I stood up straight and looked him dead in the eye. “And why would you ask that?”

He grimaced and shook his head. “No, no reason, no. Just making conversation. You feeling better now?”

I turned and leaned against the wall. “I always feel better when I’m outside.”

“Music does the same thing for me,” he said. “If I’m ever feeling down, I put on some Chip, some Stormzy, some proper Grime, you know, and I’m back to my old self in no time.”

“That’s not my favourite genre,” I said.

“What do you like? What’s the last concert you went to?”

“Taylor Swift in Manchester. Chuffin’ fantastic night, that was.”
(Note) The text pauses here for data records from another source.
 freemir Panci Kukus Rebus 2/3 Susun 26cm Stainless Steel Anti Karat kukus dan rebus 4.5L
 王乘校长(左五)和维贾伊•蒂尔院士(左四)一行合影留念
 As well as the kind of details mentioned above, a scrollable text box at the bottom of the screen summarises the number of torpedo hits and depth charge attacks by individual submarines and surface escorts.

He sucked on his vape. “Seriously?”

“She understands the human heart, Nikesh.”

His eyes went wide. “Fair enough, to each his own. I take it this was your first ghost too, was it?”
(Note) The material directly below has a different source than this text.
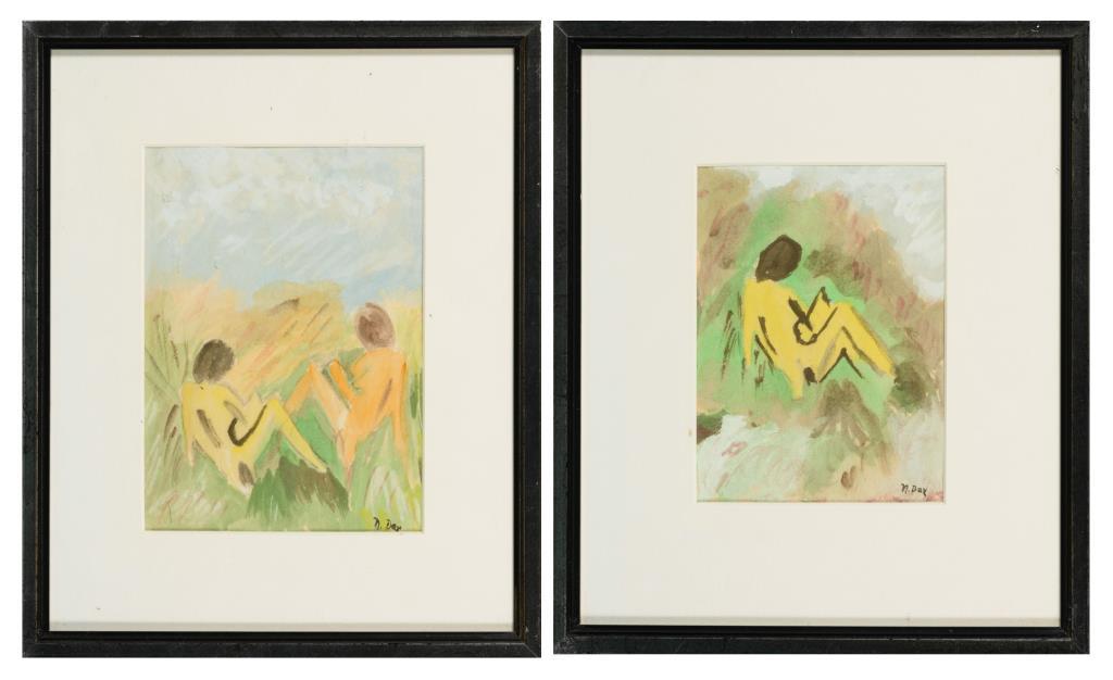 2 abstrahierte Werke mit weiblichen, am Wasser sitzenden Akten.

It took me a moment or two to answer him. “It was.” I had to admit it. I had to. There was no getting around it, no matter how hard my mind worked to smooth over the facts and alter my feelings about the topic. I’d seen what I’d seen, and I’d felt what I’d felt.

“It hasn’t made you happy, though, has it?” Nikesh hopped off the wall and leaned beside me. “You’re not scared but you’re not pleased either.”

“It’s a lot to take in,” I said. “A whole lot.”

He pointed out the fulmars and kittiwakes squawking past, seeking their nest for the night. “My dad’s a twitcher,” he said. “A birdwatcher. He always took me out with him when I was young. It’s a very peaceful hobby. Boring, though. A bit. Just sitting there, quietly, watching, and waiting. But then you’ll see something rare like a pied flycatcher or a goshawk and you think,yeah, that was good. A bit like ghost hunting, I suppose. You wait in the dark for ages and ages, then you see something that makes it all worthwhile.” He took out his vape and puffed on it. The sickly sweet tang of rhubarb and custard sweets filled the air.

“You’re lucky,” I said. “My dad never took me birdwatching. Or fishing. Or camping. If it didn’t happen within spitting distance of a bookie’s counter, he wasn’t interested. Mum was too busy trying to look after him, the house, and us kids to do it either. I had to figure it all out myself. I’d spend days at a time out in the woods near our flat, living in shelters I’d make from branches and twigs. Or in tents that other people had thrown away.

“Nobody at home noticed that I wasn’t there. Well, Jeanie did, I suppose. My sister. She’d bend my ear about leaving her alone with Mum and Dad but then she started hanging out with her friends more and more so it didn’t matter so much what I did.”

All around us, the sea bashed against the island, somewhat deadened by the ever-thickening fog.